§ Problem statement
Exact copy, no pictures: reproduce the lines from the one that holds "vibrant sunset over" through the end of the entries.

§ Dataset excerpts
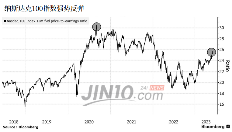 纳斯达克100指数自12月以来的反弹,已将该指数的12个月远期市盈率提升至25.7倍,高于过去十年的平均20.7倍,但低于2020年的30.5倍。
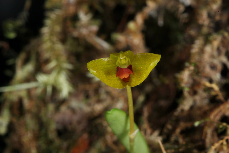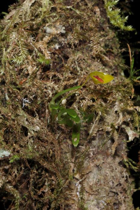 Found in Sabah Borneo in wet primary forests at elevations of 1200 to 2000 meters as a mini-miniature sized, cool growing epiphyte with a creeping rhizome giving rise to close set, ovoid, somewhat flattened to not pseudobulbs carrying a single, apical, erect, ovate to elliptic, obtuse, petiolate base leaf that blooms in the spring and summer on a basal, peduncle .24 to .76" [.6 to 1.9 cm] long, provided with 2 to 3 scales, .6 to 1.4" [1.5 to 3.5 cm] long overall, single flowered inflorescence with much shorter than the ovary floral bracts.
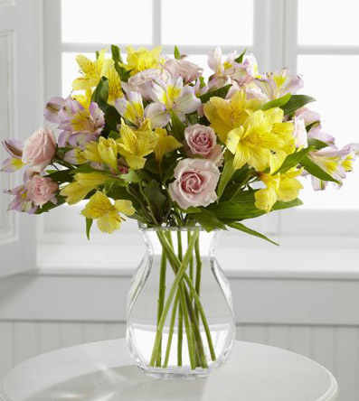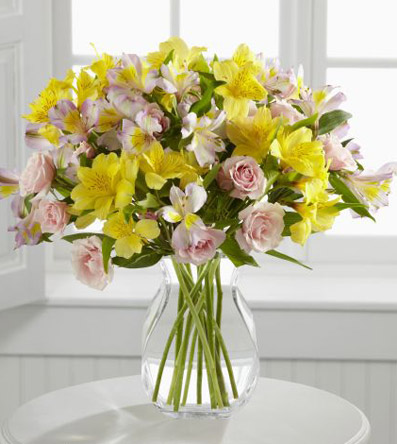 Breathtaking Beauty Bouquet. Bursting with beauty, this bouquet offers sunny sophistication with bright yellow Peruvian lilies blended with pale pink spray roses and pink Peruvian lilies to create a bouquet bursting with sweetness. This bouquet arrives pre arranged, to be placed directly into the included vase ( If Purchased ) . Just add water.
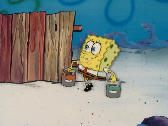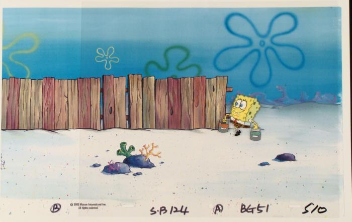 This animation cel and reproduction background are from the Nickelodeon TV show SpongeBob Squarepants. The story takes place under the deep blue sea in Bikini Bottom, where SpongeBob resides. SpongeBob, who is a yellow, porous sponge, is your typical happy-go-lucky character, as he is always cheerful and enjoys making people laugh. Patrick Star, SpongeBob's neighbor who is a starfish, is your average children's show idiot, as he boasts knowing nothing and is often getting himself into ridiculous situations. Between the homes of these two lies the home of the miserable Squidward, a squid, who is known for being grouchy and playing tricks on SpongeBob and Patrick. Both SpongeBob and Squidward work at the Krusty Krab, a fast food business run by the greedy money-loving Mr. Krabs, a crab, the arch rival of the evil, possibly misunderstood, Plankton. Another neighbor, Sandy Cheeks, an athletic squirrel who normally wears an astronaut's space suit, was introduced in "Tea at the Treedome." She spends most of her time inventing and experimenting. Why does SpongeBob have green and red paint?Original Printed Background and Animated Cel Overall Size of Background: 11" x 17" Overall Size of the Cel: 10 1/2" x 12 1/2" Very good condition This is an original hand-painted cel set-up used in the production of an episode of "SpongeBob SquarePants." Each one-of-a-kind set-up represents a slight change in position of the characters. When individually photographed and projected in rapid succession, the images appear to move.
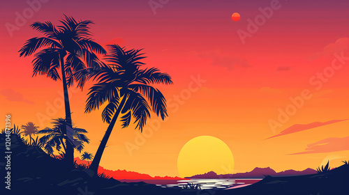 vibrant sunset over tropical beach with palm trees silhouetted against colorful sky. scene evokes sense of tranquility and summer vibes
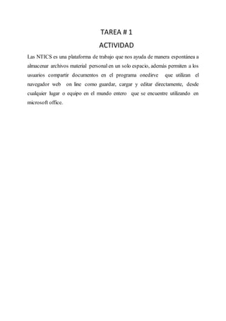 Las NTICS es una plataforma que permite a los usuarios almacenar y compartir archivos personales en un solo espacio en línea, así como editar documentos directamente desde cualquier lugar utilizando un navegador web.

§ Exercise result
 vibrant sunset over tropical beach with palm trees silhouetted against colorful sky. scene evokes sense of tranquility and summer vibes
 Las NTICS es una plataforma que permite a los usuarios almacenar y compartir archivos personales en un solo espacio en línea, así como editar documentos directamente desde cualquier lugar utilizando un navegador web.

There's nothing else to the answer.